• **WHAT THIS TASK INVOLVES**:
Below are the records; copy exactly the stretch from the line containing "LINEで送る 冬の到来 「今年も…" through the line containing "Annamaria Giannelli sarà", both ends included, and nothing else.

• **MATERIAL SUPPLIED**:
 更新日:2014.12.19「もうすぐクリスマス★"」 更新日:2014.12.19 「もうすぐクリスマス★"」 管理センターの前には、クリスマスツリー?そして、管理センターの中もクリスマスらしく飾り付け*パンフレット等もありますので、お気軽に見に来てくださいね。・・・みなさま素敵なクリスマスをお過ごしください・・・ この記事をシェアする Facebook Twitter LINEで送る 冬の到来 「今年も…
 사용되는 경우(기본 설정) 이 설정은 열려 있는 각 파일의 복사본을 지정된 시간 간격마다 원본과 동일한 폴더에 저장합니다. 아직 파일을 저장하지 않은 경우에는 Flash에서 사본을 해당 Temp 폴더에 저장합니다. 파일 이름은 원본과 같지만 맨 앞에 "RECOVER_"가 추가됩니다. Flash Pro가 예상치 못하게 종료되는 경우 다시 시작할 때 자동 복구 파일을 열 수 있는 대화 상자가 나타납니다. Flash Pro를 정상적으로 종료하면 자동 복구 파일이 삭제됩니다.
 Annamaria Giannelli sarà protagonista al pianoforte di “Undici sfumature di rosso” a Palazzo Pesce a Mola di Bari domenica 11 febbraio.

* * *

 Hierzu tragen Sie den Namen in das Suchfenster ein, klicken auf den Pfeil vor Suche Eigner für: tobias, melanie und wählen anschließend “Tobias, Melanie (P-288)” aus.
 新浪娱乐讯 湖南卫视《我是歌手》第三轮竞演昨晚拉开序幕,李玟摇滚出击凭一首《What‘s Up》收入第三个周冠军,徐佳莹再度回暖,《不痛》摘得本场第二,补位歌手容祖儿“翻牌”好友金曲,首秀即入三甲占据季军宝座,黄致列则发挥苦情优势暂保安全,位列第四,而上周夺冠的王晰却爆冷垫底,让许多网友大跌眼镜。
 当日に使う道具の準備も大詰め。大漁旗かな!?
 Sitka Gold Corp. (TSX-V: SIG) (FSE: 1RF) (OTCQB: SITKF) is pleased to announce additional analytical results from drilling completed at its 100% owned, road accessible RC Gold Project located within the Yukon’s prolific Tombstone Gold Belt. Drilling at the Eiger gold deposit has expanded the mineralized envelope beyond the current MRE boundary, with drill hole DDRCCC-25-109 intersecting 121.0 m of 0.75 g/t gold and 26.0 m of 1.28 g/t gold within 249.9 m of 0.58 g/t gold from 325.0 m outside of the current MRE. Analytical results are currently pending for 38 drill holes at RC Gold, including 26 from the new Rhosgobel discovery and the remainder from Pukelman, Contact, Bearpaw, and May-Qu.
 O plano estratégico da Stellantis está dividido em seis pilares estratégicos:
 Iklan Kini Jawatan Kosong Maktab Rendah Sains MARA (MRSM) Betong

• **SOLUTION TO THE PROBLEM**:
 更新日:2014.12.19「もうすぐクリスマス★"」 更新日:2014.12.19 「もうすぐクリスマス★"」 管理センターの前には、クリスマスツリー?そして、管理センターの中もクリスマスらしく飾り付け*パンフレット等もありますので、お気軽に見に来てくださいね。・・・みなさま素敵なクリスマスをお過ごしください・・・ この記事をシェアする Facebook Twitter LINEで送る 冬の到来 「今年も…
 사용되는 경우(기본 설정) 이 설정은 열려 있는 각 파일의 복사본을 지정된 시간 간격마다 원본과 동일한 폴더에 저장합니다. 아직 파일을 저장하지 않은 경우에는 Flash에서 사본을 해당 Temp 폴더에 저장합니다. 파일 이름은 원본과 같지만 맨 앞에 "RECOVER_"가 추가됩니다. Flash Pro가 예상치 못하게 종료되는 경우 다시 시작할 때 자동 복구 파일을 열 수 있는 대화 상자가 나타납니다. Flash Pro를 정상적으로 종료하면 자동 복구 파일이 삭제됩니다.
 Annamaria Giannelli sarà protagonista al pianoforte di “Undici sfumature di rosso” a Palazzo Pesce a Mola di Bari domenica 11 febbraio.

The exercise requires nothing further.